Output each line of the data below exactly, omitting any image.

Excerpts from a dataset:
------------------------------------

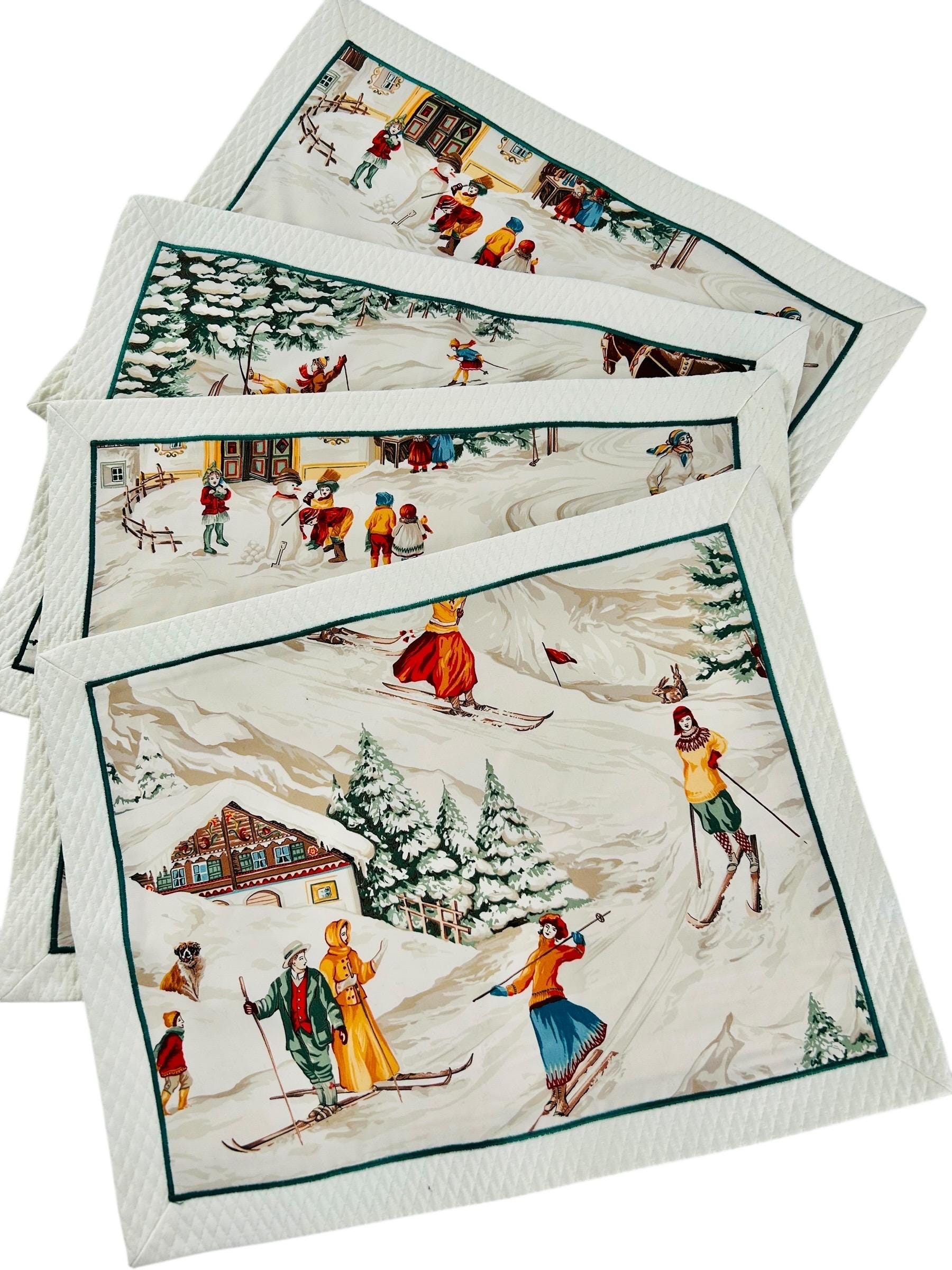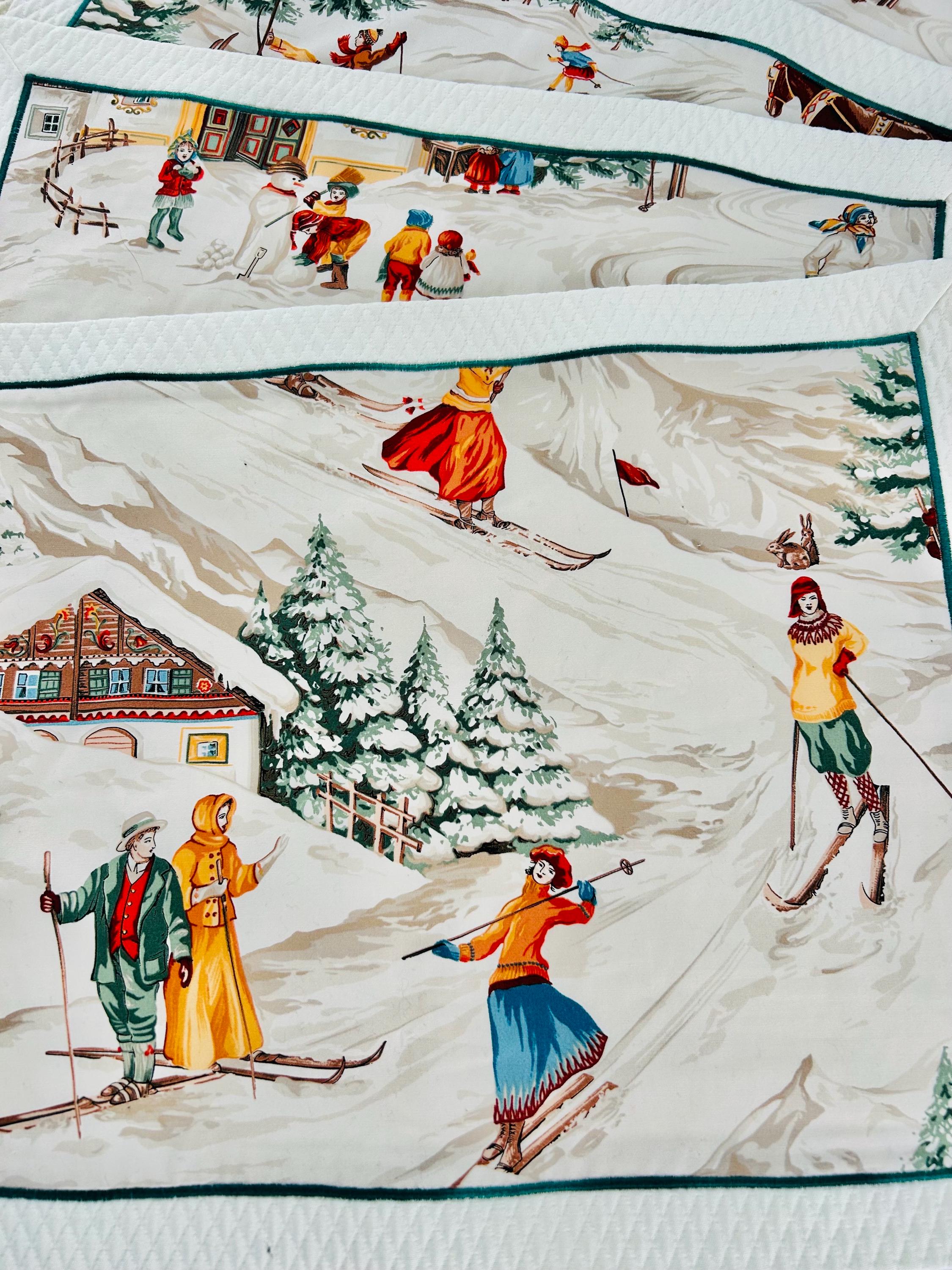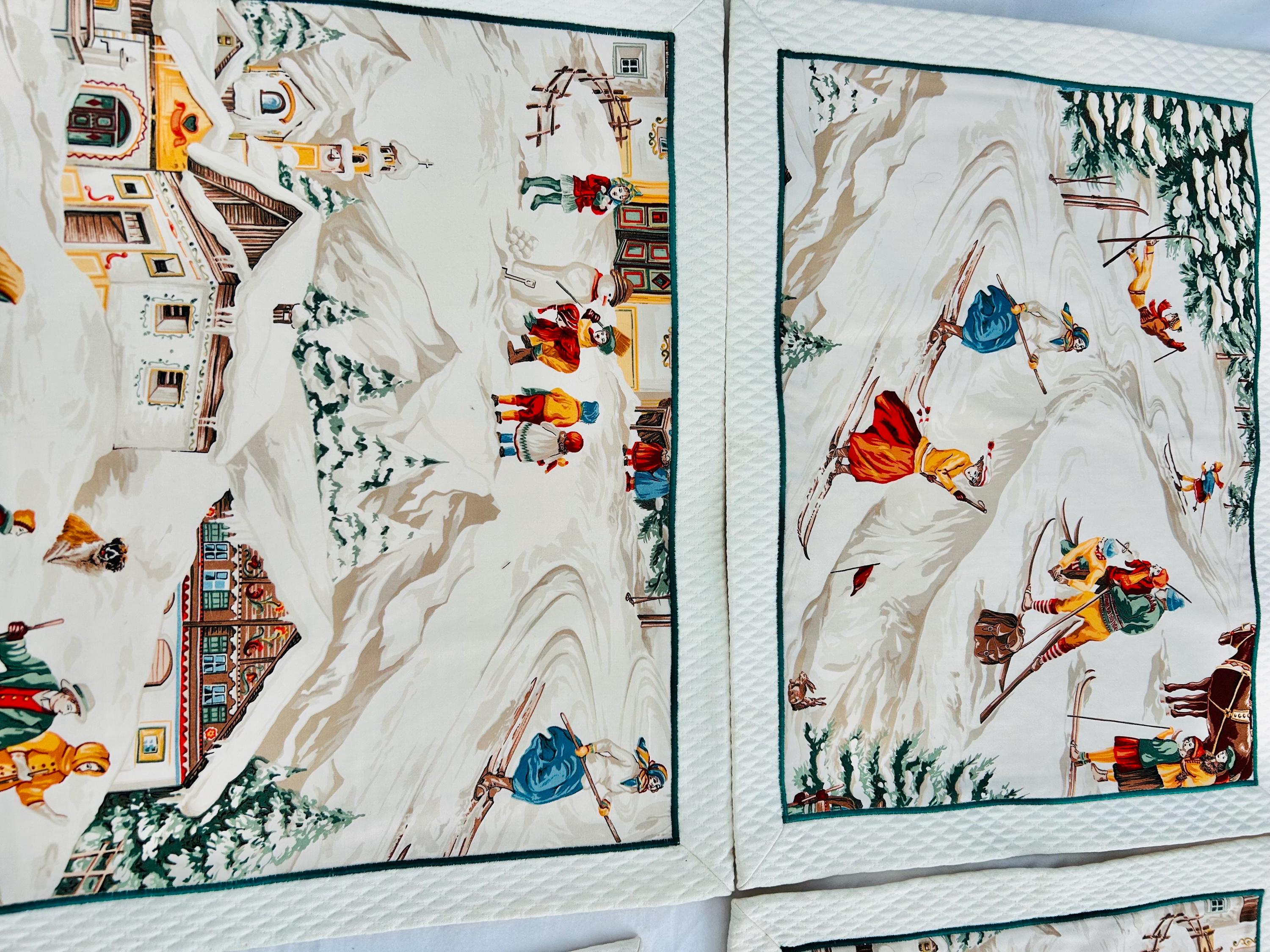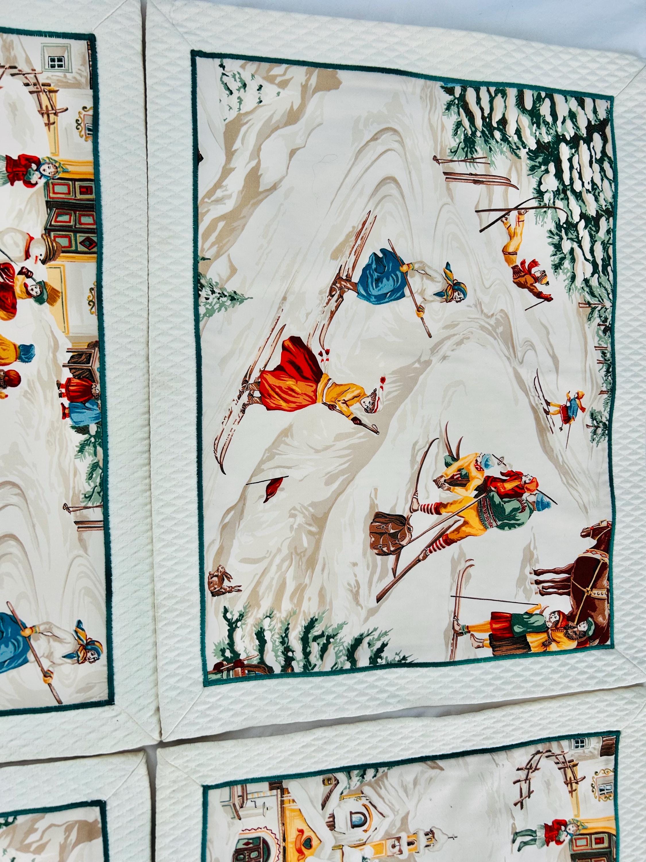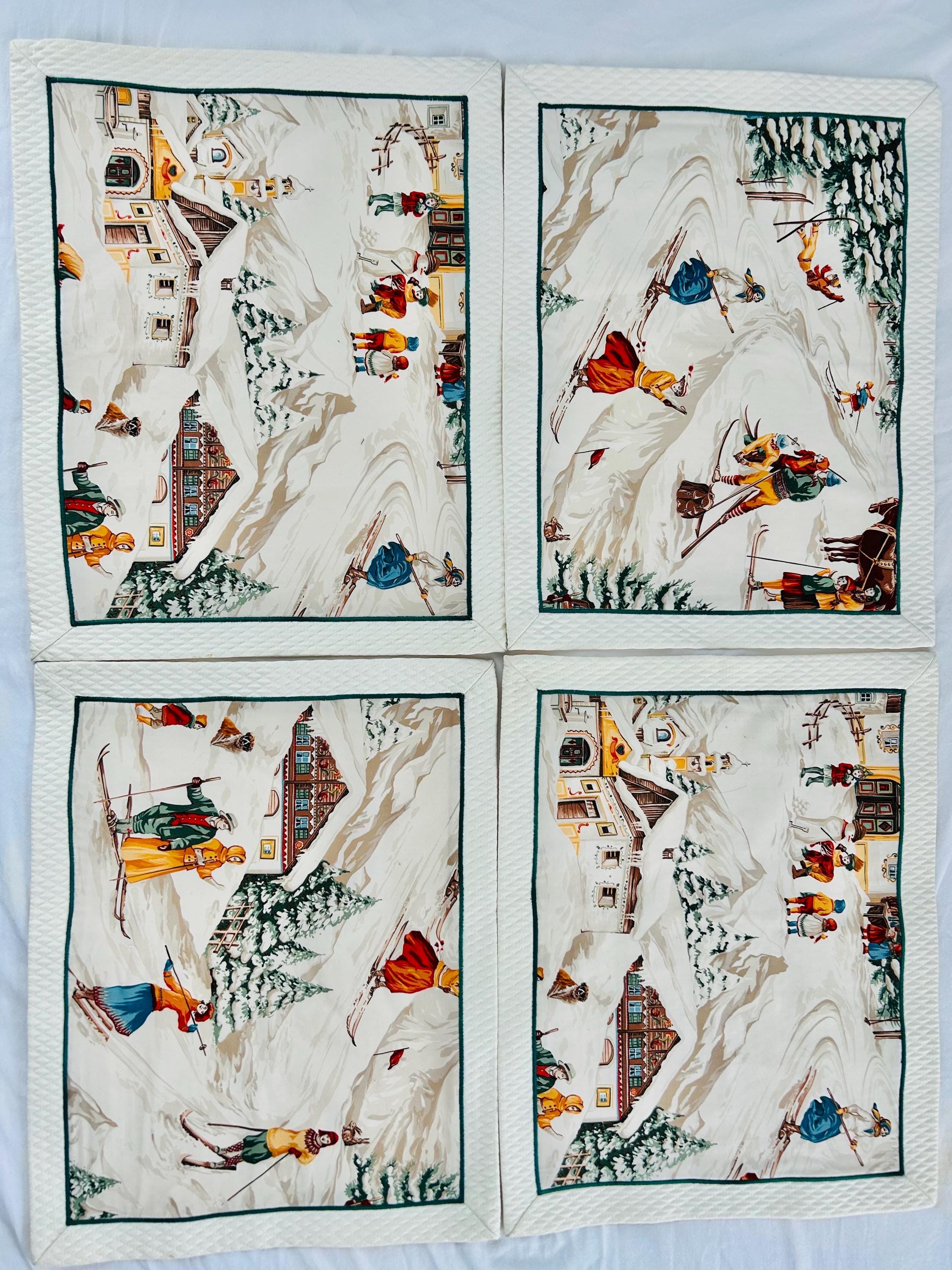Exceptional unused set of four luxury placemats by Pierre Frey Paris (circa 1980s-1990s) featuring a charming Alpine winter scene with skiers, village architecture, horses, and snowy mountain landscapes. These placemats incorporate the iconic Les Trois Vallées fabric, which is inspired by 1960s winter sports magazines.
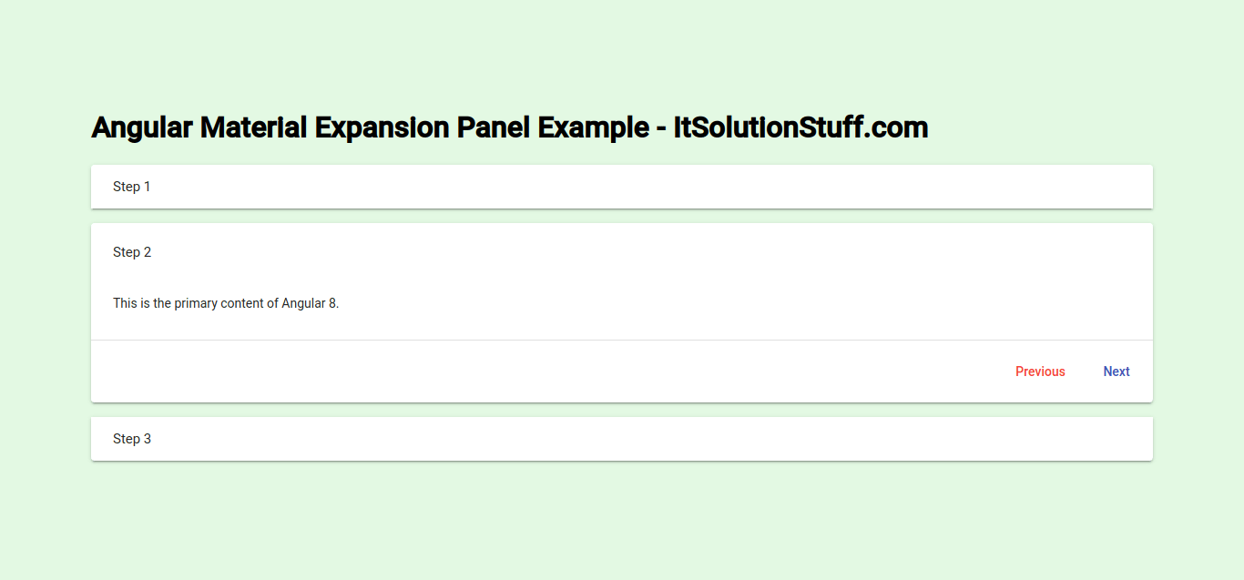 Example 2: Angular Material Expansion Panel with Next Previous Step Example
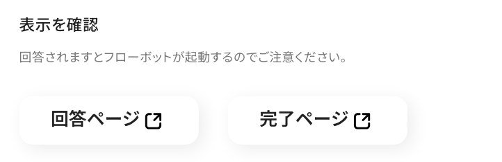 「回答ページ」や「完了ページ」をクリックすると、回答する際に表示される画面や完了画面のプレビューを確認できます。
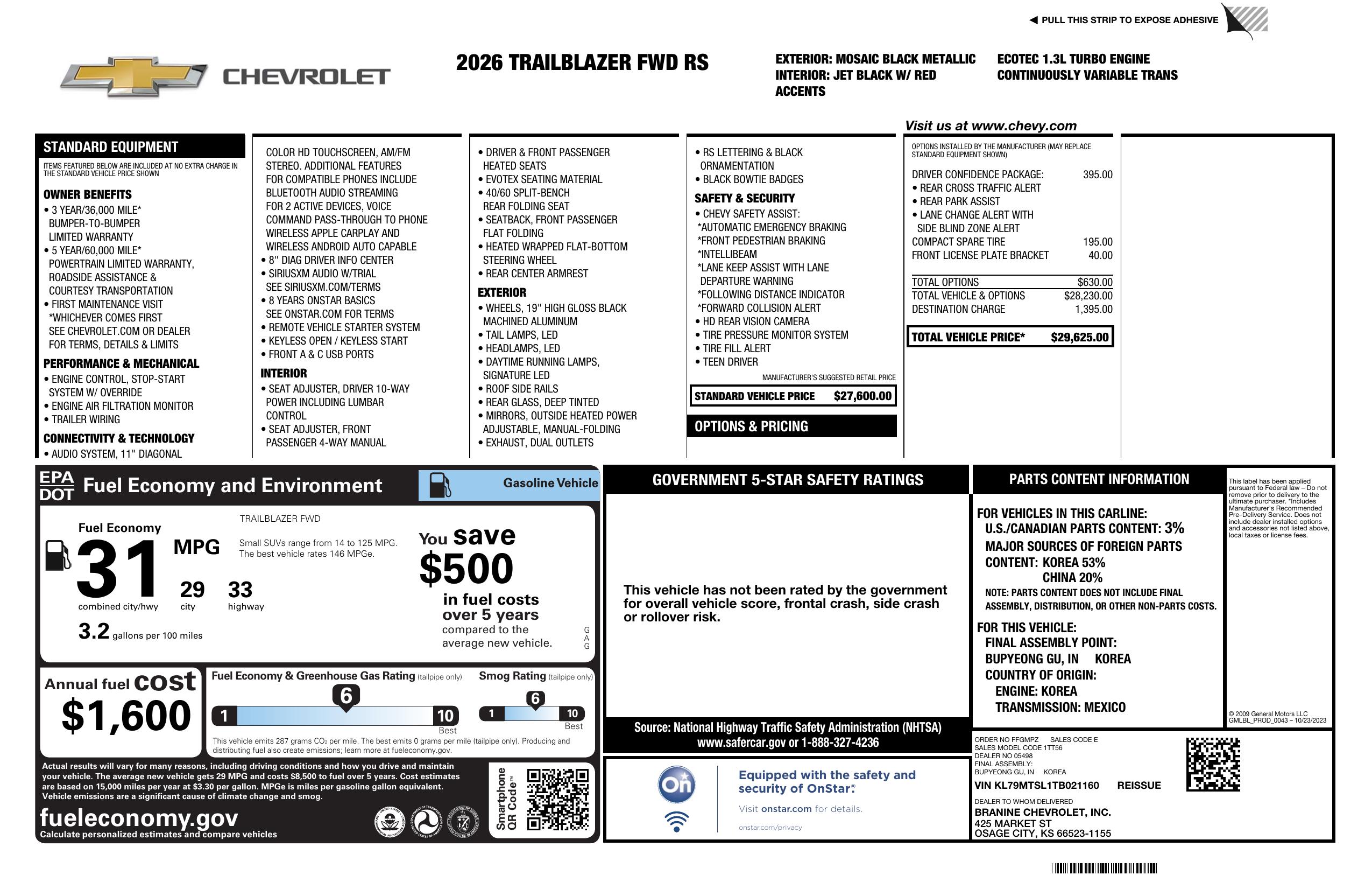 We explain our dealer discounts and applied Manufacturer Rebates for EVERY New and Pre Owned vehicle. No guessing whether or not you qualify! No additional ADDS or CRAZY Fees! The only fees you pay is our $299 Documentation Fee and the Sales Tax. The Price You See is the Price Your Pay! - Every Car - Every Time! Only at Branine Chevrolet.
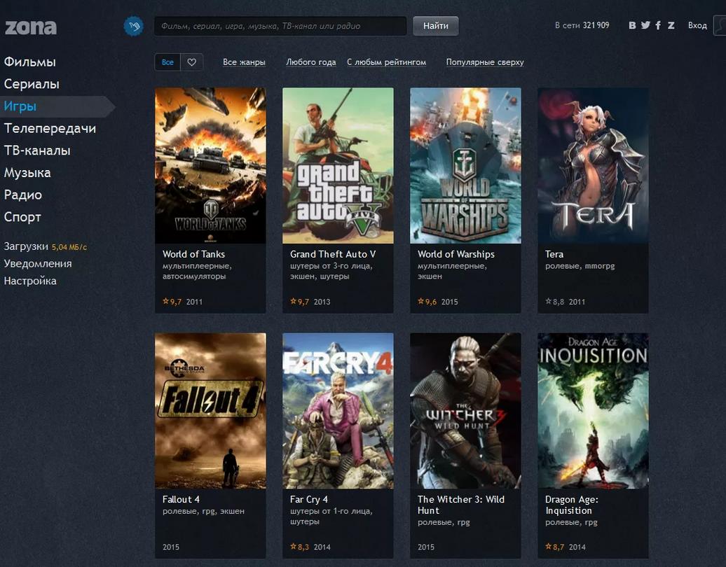 Главное преимущество Zona — это огромная база торрентов с сотнями тысяч файлов. Все они проиндексированы и удобно структурированы по категориям и жанрам. Еще один плюс — интуитивно понятный интерфейс с минимумом настроек.

------------------------------------

- _WORKED SOLUTION_
Exceptional unused set of four luxury placemats by Pierre Frey Paris (circa 1980s-1990s) featuring a charming Alpine winter scene with skiers, village architecture, horses, and snowy mountain landscapes. These placemats incorporate the iconic Les Trois Vallées fabric, which is inspired by 1960s winter sports magazines.
 Example 2: Angular Material Expansion Panel with Next Previous Step Example
 「回答ページ」や「完了ページ」をクリックすると、回答する際に表示される画面や完了画面のプレビューを確認できます。
 We explain our dealer discounts and applied Manufacturer Rebates for EVERY New and Pre Owned vehicle. No guessing whether or not you qualify! No additional ADDS or CRAZY Fees! The only fees you pay is our $299 Documentation Fee and the Sales Tax. The Price You See is the Price Your Pay! - Every Car - Every Time! Only at Branine Chevrolet.
 Главное преимущество Zona — это огромная база торрентов с сотнями тысяч файлов. Все они проиндексированы и удобно структурированы по категориям и жанрам. Еще один плюс — интуитивно понятный интерфейс с минимумом настроек.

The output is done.